AIM OF THE EXERCISE: Using the data below, return word for word every line from the one holding "迎宾演出开始前,古丽巴努尔·库尔恰克为丈夫整理演出服装(9月4日摄)。" down to the one holding "18CT GOLD DRESS". Leave pictures out.

THE DATA:
:::
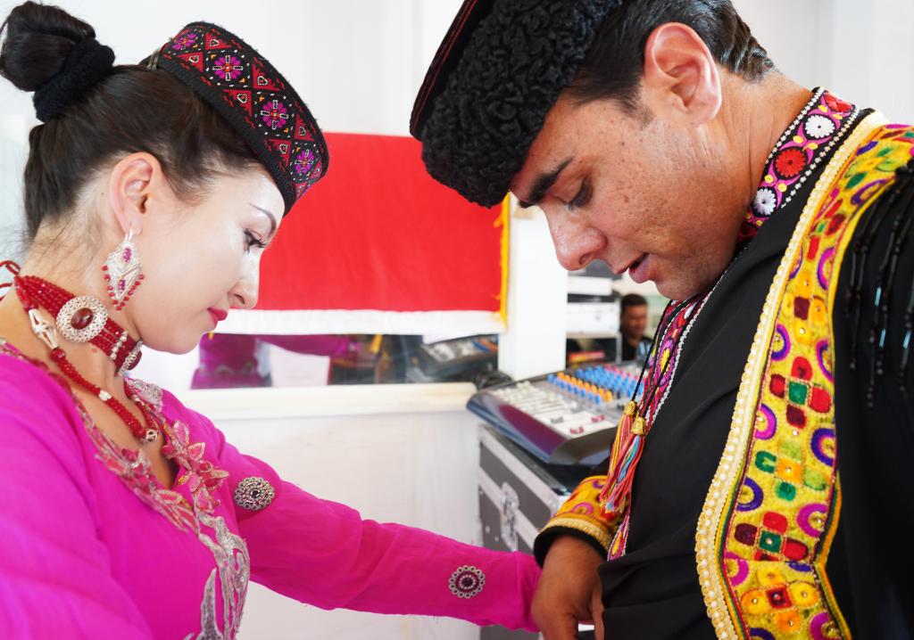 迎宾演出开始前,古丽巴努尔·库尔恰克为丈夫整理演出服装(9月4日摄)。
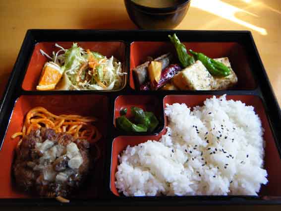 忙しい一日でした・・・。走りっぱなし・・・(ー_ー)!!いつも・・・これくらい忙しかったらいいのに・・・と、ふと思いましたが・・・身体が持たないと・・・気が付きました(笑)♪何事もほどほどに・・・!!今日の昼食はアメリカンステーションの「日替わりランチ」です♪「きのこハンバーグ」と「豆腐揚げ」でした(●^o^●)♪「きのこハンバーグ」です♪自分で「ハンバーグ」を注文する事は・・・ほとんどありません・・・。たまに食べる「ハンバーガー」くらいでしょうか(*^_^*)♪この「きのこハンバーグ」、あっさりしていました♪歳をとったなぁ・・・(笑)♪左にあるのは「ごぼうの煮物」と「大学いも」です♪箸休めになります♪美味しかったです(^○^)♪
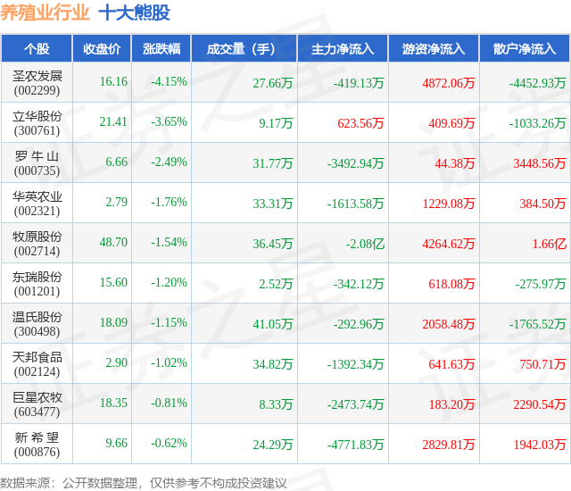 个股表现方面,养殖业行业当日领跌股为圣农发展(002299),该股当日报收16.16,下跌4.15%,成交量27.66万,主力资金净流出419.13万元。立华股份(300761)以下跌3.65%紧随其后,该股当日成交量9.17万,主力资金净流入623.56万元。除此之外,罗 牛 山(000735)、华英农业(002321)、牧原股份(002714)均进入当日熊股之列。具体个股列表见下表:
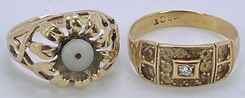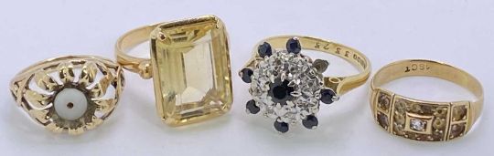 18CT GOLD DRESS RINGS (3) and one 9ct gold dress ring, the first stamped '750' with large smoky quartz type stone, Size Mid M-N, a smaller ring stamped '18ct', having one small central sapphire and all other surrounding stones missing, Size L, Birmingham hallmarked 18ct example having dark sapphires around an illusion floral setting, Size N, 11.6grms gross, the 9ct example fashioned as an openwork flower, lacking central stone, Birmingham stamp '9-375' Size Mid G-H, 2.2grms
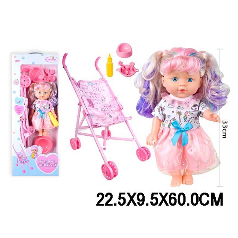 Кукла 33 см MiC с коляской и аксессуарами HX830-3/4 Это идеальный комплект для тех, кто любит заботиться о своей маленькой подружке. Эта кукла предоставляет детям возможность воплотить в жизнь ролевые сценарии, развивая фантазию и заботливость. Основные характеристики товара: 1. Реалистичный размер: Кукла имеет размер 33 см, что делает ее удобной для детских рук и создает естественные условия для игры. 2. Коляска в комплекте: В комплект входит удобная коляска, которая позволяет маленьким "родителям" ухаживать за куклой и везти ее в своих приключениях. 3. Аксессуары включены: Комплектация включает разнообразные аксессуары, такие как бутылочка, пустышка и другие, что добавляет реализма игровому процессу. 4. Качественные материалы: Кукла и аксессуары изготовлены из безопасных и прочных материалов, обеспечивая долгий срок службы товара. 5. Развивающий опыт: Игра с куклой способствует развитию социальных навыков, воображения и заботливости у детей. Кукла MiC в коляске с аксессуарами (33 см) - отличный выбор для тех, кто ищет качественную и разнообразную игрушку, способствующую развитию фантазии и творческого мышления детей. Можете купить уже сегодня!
:::
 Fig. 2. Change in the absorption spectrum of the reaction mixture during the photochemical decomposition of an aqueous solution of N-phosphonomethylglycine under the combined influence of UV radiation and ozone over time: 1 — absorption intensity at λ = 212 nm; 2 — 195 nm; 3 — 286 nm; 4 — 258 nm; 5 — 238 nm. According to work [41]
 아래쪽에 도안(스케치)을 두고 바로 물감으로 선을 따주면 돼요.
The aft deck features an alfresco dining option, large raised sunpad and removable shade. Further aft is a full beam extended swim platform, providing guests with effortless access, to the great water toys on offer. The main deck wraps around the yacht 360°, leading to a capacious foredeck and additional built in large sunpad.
:::
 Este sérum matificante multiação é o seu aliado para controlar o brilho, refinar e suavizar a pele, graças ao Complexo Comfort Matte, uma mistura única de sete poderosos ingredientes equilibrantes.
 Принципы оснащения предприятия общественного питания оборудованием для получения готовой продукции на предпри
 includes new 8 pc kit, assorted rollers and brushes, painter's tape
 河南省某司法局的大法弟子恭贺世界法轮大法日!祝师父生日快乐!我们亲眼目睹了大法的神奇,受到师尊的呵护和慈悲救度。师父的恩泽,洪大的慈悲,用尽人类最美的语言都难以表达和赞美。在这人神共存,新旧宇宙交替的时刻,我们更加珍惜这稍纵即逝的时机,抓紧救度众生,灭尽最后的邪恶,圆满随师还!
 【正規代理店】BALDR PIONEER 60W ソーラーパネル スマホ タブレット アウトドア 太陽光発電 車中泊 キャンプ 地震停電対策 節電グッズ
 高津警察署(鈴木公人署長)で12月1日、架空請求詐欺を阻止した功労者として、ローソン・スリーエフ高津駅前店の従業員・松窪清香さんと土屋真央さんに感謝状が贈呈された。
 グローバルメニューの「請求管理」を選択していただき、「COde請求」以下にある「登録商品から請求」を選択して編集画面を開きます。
:::
RESPONSE:
 迎宾演出开始前,古丽巴努尔·库尔恰克为丈夫整理演出服装(9月4日摄)。
 忙しい一日でした・・・。走りっぱなし・・・(ー_ー)!!いつも・・・これくらい忙しかったらいいのに・・・と、ふと思いましたが・・・身体が持たないと・・・気が付きました(笑)♪何事もほどほどに・・・!!今日の昼食はアメリカンステーションの「日替わりランチ」です♪「きのこハンバーグ」と「豆腐揚げ」でした(●^o^●)♪「きのこハンバーグ」です♪自分で「ハンバーグ」を注文する事は・・・ほとんどありません・・・。たまに食べる「ハンバーガー」くらいでしょうか(*^_^*)♪この「きのこハンバーグ」、あっさりしていました♪歳をとったなぁ・・・(笑)♪左にあるのは「ごぼうの煮物」と「大学いも」です♪箸休めになります♪美味しかったです(^○^)♪
 个股表现方面,养殖业行业当日领跌股为圣农发展(002299),该股当日报收16.16,下跌4.15%,成交量27.66万,主力资金净流出419.13万元。立华股份(300761)以下跌3.65%紧随其后,该股当日成交量9.17万,主力资金净流入623.56万元。除此之外,罗 牛 山(000735)、华英农业(002321)、牧原股份(002714)均进入当日熊股之列。具体个股列表见下表:
 18CT GOLD DRESS RINGS (3) and one 9ct gold dress ring, the first stamped '750' with large smoky quartz type stone, Size Mid M-N, a smaller ring stamped '18ct', having one small central sapphire and all other surrounding stones missing, Size L, Birmingham hallmarked 18ct example having dark sapphires around an illusion floral setting, Size N, 11.6grms gross, the 9ct example fashioned as an openwork flower, lacking central stone, Birmingham stamp '9-375' Size Mid G-H, 2.2grms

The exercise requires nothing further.